Monday, February 06, 2006

Ow! My eye! …oh

A first for this southerner: I got a snowflake in my eye. I saw this giant white chunk coming at me. I felt it touch my sclera and I started to panic…must protect…valuable organ…primary shield (glasses lens) has failed! Then it melted immediately, of course. Quite refreshing actually, like a squirt of chilled Visine.
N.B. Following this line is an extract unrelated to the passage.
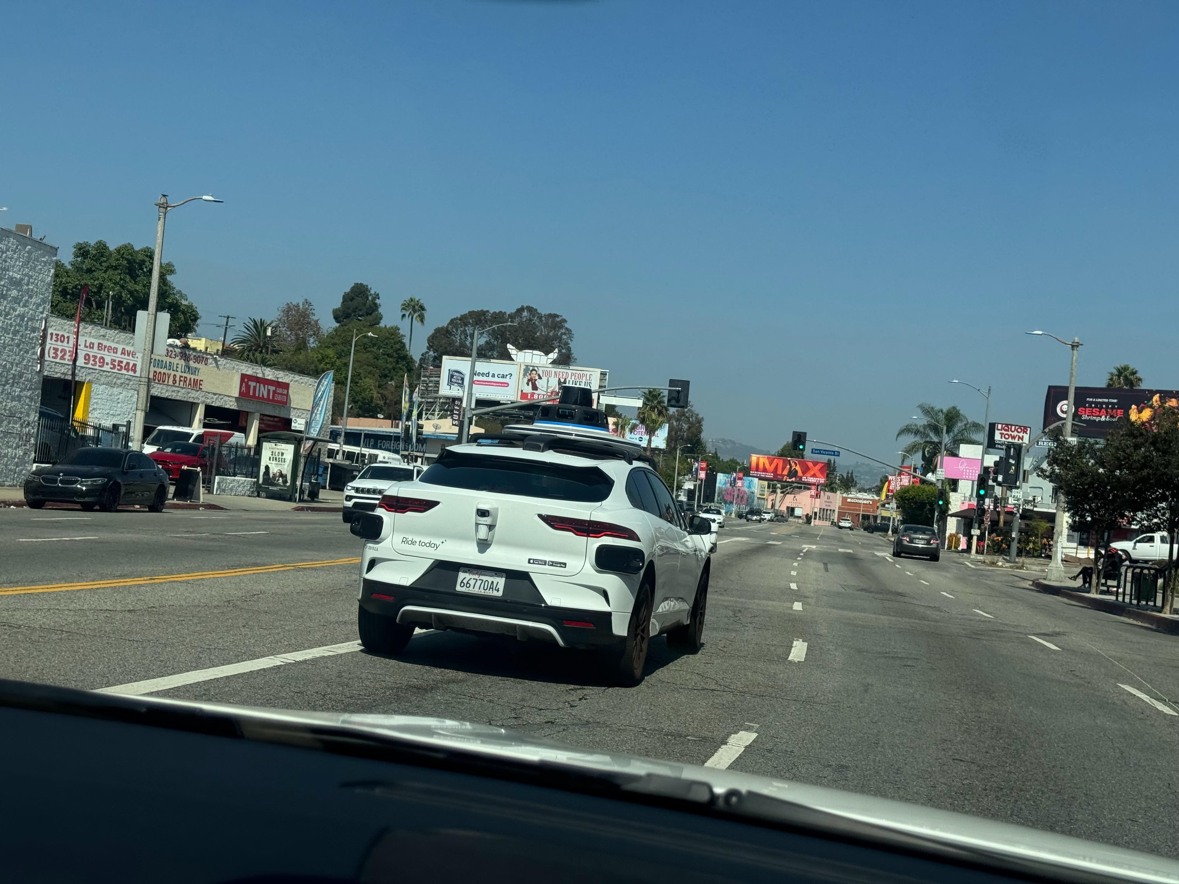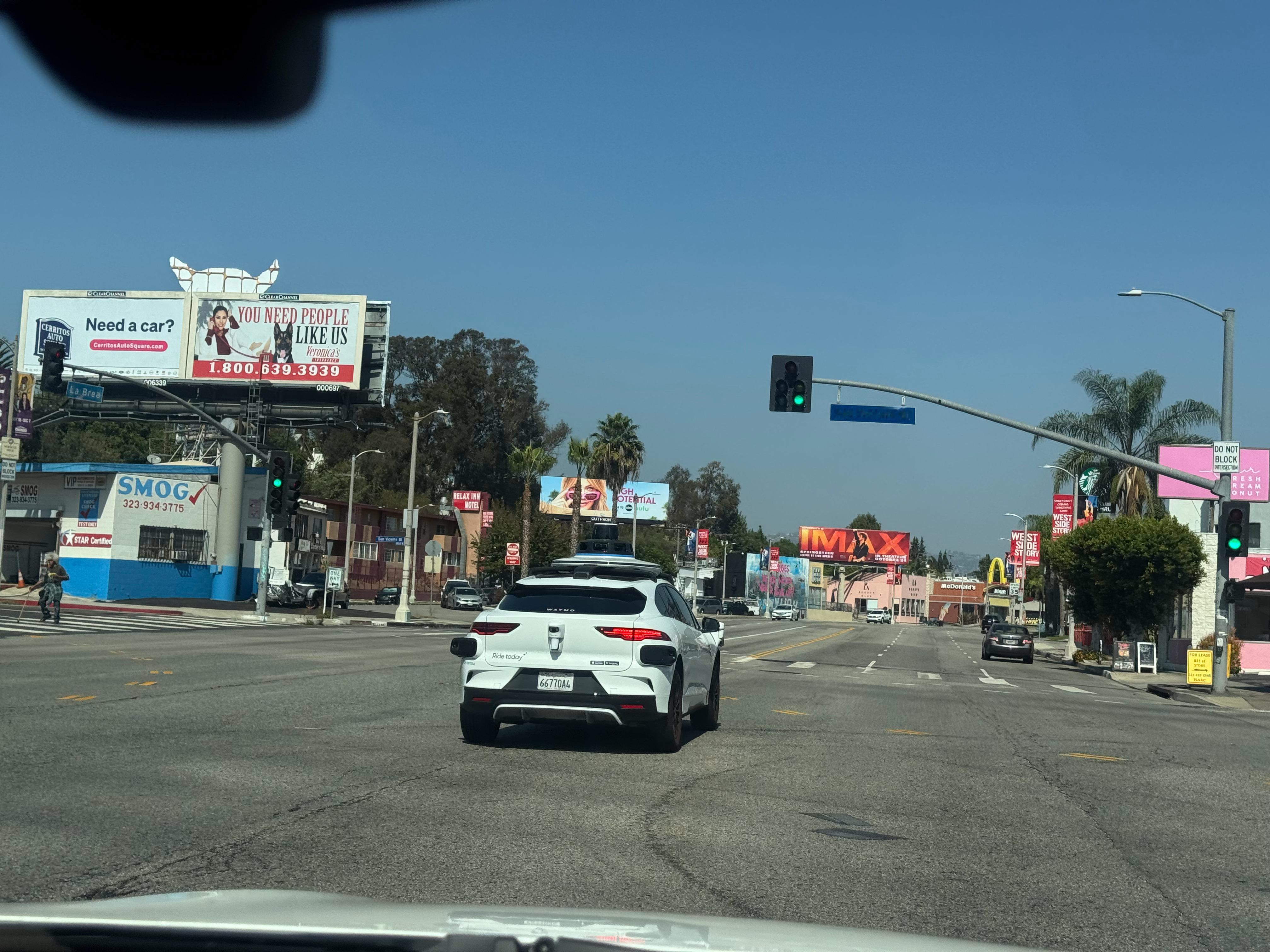 LA街头的无人驾驶车,他试图并道,我们离他有一车半距离,他就一直犹豫,最终放弃了哈哈哈哈哈好可爱,最后我们离开更远一些,他连续并道右转了

I’m guessing this is one of those things that most people who grew up around real winters experienced often as a child. Maybe, like running around with their tongues out, they also ran around trying to catch snowflakes in their eyeballs for fun. I know nothing about this. It occurs to me there are probably a thousand aspects of snow, ice, and other sub-freezing eventualities that I am ignorant of. Did they suck on icicles like ice-pops? Did they crunch the snow drifts like a crème brulee? Did they eat snow-cream? Did they watch as dogs made yellow-rimmed cenotes in snow piles? Did they examine the patterns in frost on window panes? Did they really get their tongues stuck on metal poles? Did they see cave formations in waterfalls? I’ve only read about these things, and as an adult, I don’t make time for finding out myself.

Those precious years when I was a young child and had all the curiosity, time, and patience for exploring the world at a face-to-the-ground level were spent in warmer climes. I know everything there is about ant-lion pits, the paper cuts you get from trying to weave baskets out of giant grasses (the kind with puffy cream plumes), the feel of agave flesh under your finger nails (and how to pinch off the spines and poke them into the leaves like a pomander), and keeping an eye out for water moccasins while hunting for tadpoles. But, I am a novice when it comes to snow.